RECORDED DATA =>

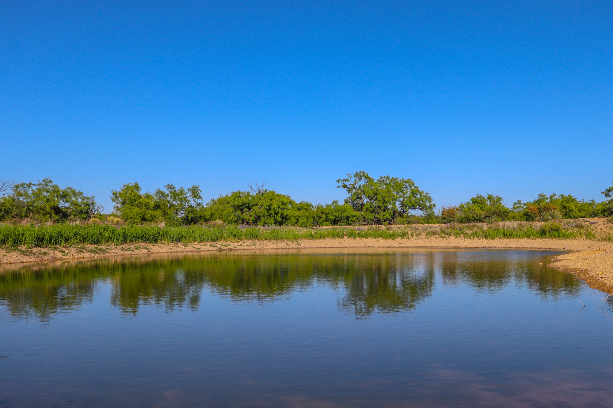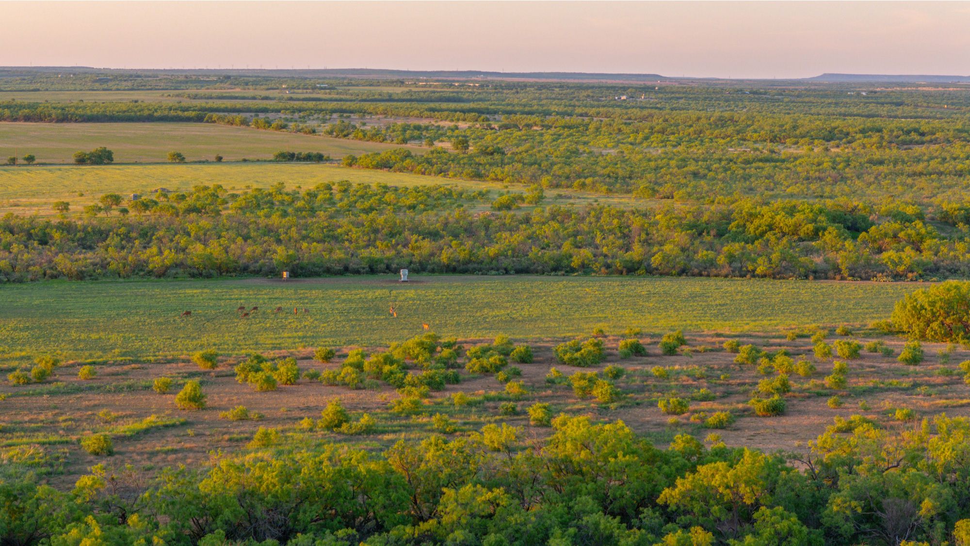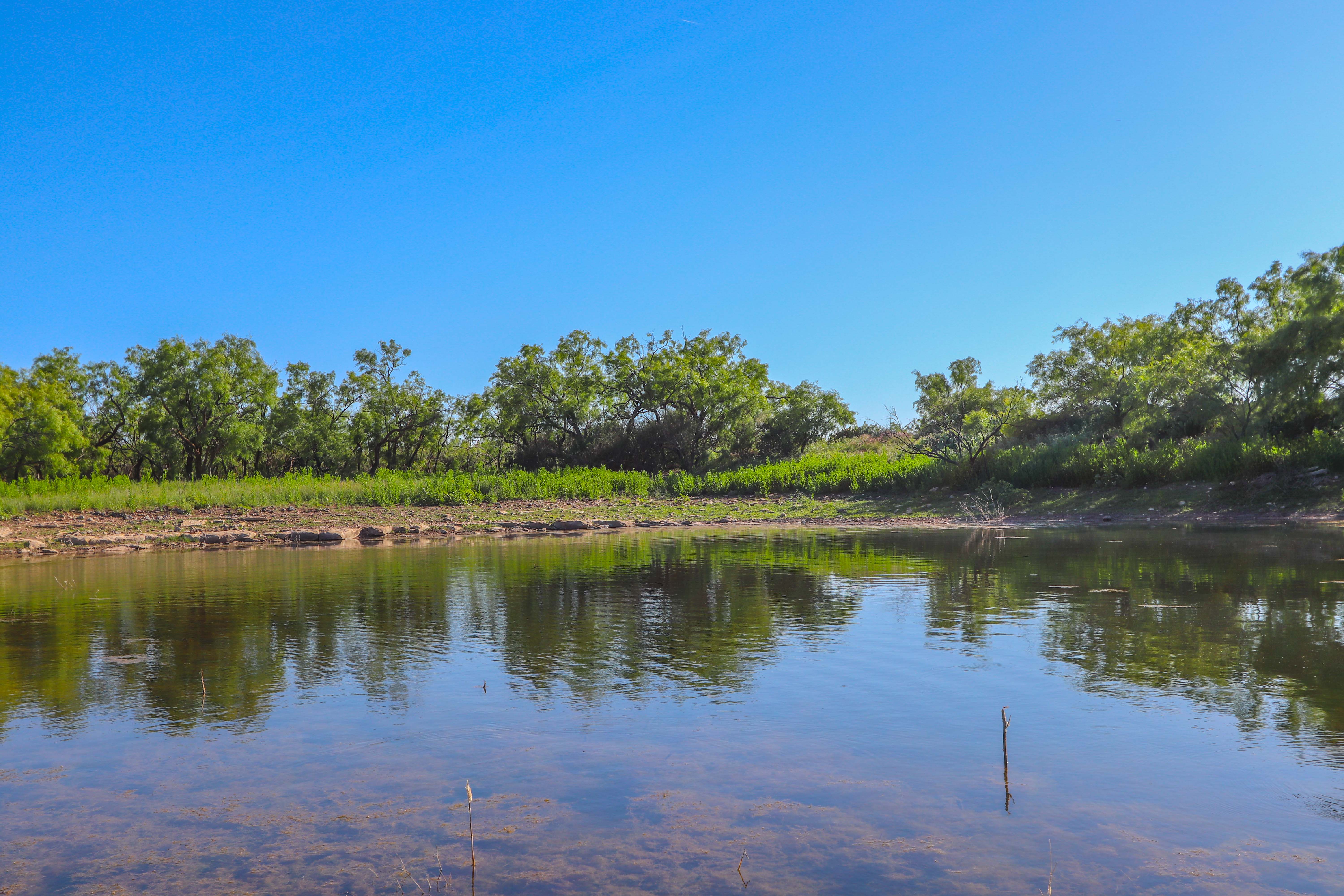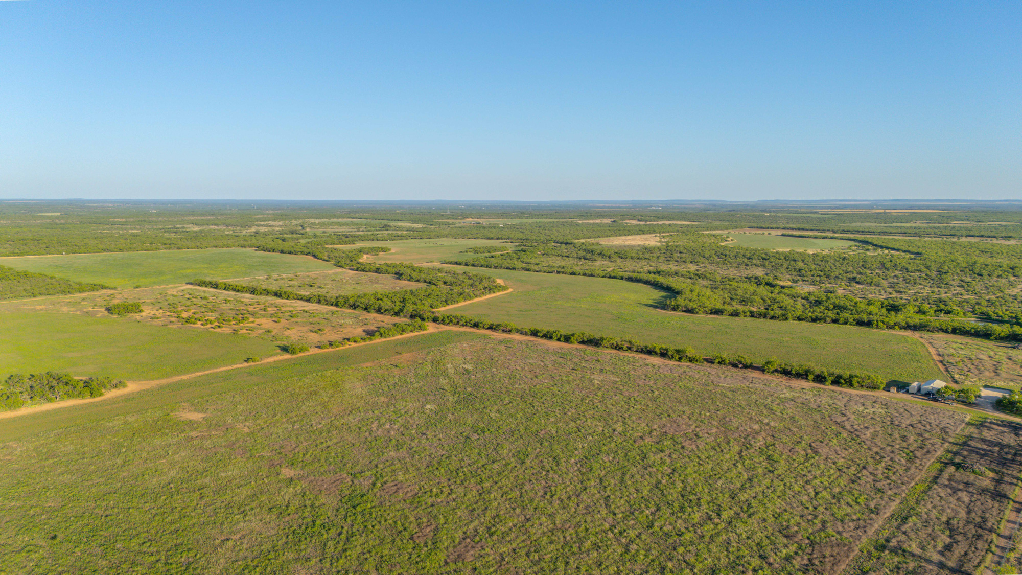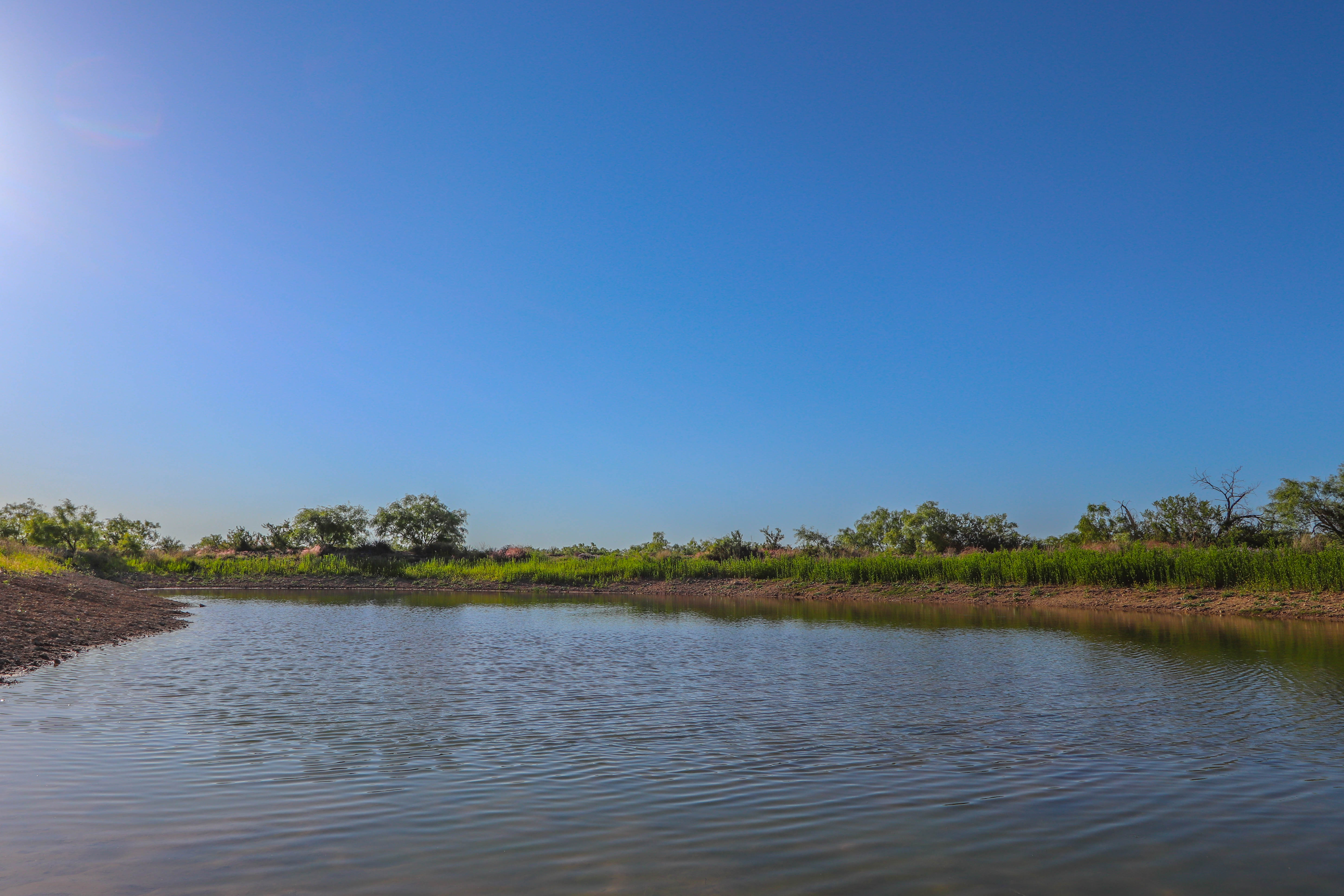 The land features a mixture of native grassland, brush, and cleared areas that have been carefully managed for soil health and wildlife productivity. The elevation ranges from approximately 1,510 to 1,540 feet above sea level, creating mild topography and visual appeal throughout the property. Three earthen ponds are located across the ranch, with the largest on the western side stocked with catfish and perch. A wet-weather drainage flows westward across the tract, feeding two of the ponds and enhancing the overall surface water system. The average annual rainfall in this part of Coleman County is about 20 inches.
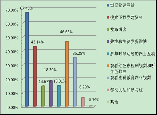 二是党的声音在互联网上仍然偏弱。党组织、党员的声音在互联网上整体上微弱、滞后、被动。尤其在一些影响力较大的商业网站上党的声音更少,很少看到党员教育的内容。问卷调查显示,有52.37%的党员选择有些党组织没有运用新兴媒体开展工作,占第1位(见图3);只有8.38%的省、市、县组织部门开办了“党务微博”(见图4);在互联网上“发布博客”、“关注和浏览党务微博”、“参与时政话题的网上互动”的党员分别只有14.67%、18.3%、15.01%(见图5)。
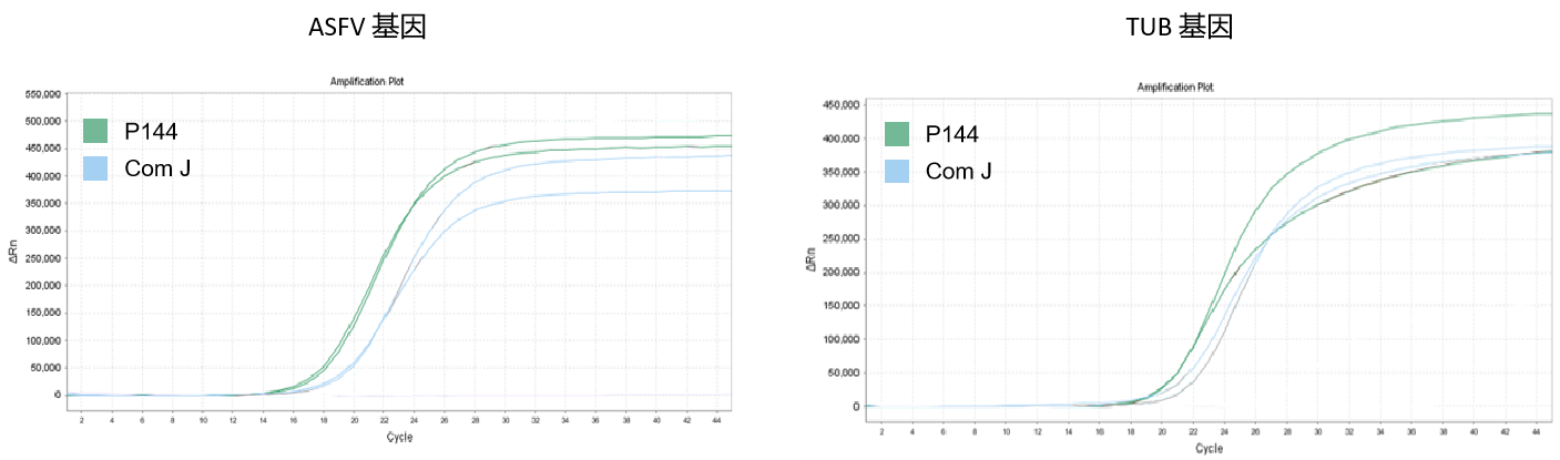 以 50 mg 含有非瘟病毒(ASFV)的豬肉組織為樣品,使用 GenStar #P144 和 Com J,室溫孵育 5 min 后進行核酸提取,提取后進行 qPCR 檢測。結(jié)果顯示,P144 提取效率高,且優(yōu)于 Com J。

HOW TO COMPLETE THIS TASK => Reprint the listing above exactly, without images.

WRITTEN ANSWER =>
 The land features a mixture of native grassland, brush, and cleared areas that have been carefully managed for soil health and wildlife productivity. The elevation ranges from approximately 1,510 to 1,540 feet above sea level, creating mild topography and visual appeal throughout the property. Three earthen ponds are located across the ranch, with the largest on the western side stocked with catfish and perch. A wet-weather drainage flows westward across the tract, feeding two of the ponds and enhancing the overall surface water system. The average annual rainfall in this part of Coleman County is about 20 inches.
 二是党的声音在互联网上仍然偏弱。党组织、党员的声音在互联网上整体上微弱、滞后、被动。尤其在一些影响力较大的商业网站上党的声音更少,很少看到党员教育的内容。问卷调查显示,有52.37%的党员选择有些党组织没有运用新兴媒体开展工作,占第1位(见图3);只有8.38%的省、市、县组织部门开办了“党务微博”(见图4);在互联网上“发布博客”、“关注和浏览党务微博”、“参与时政话题的网上互动”的党员分别只有14.67%、18.3%、15.01%(见图5)。
 以 50 mg 含有非瘟病毒(ASFV)的豬肉組織為樣品,使用 GenStar #P144 和 Com J,室溫孵育 5 min 后進行核酸提取,提取后進行 qPCR 檢測。結(jié)果顯示,P144 提取效率高,且優(yōu)于 Com J。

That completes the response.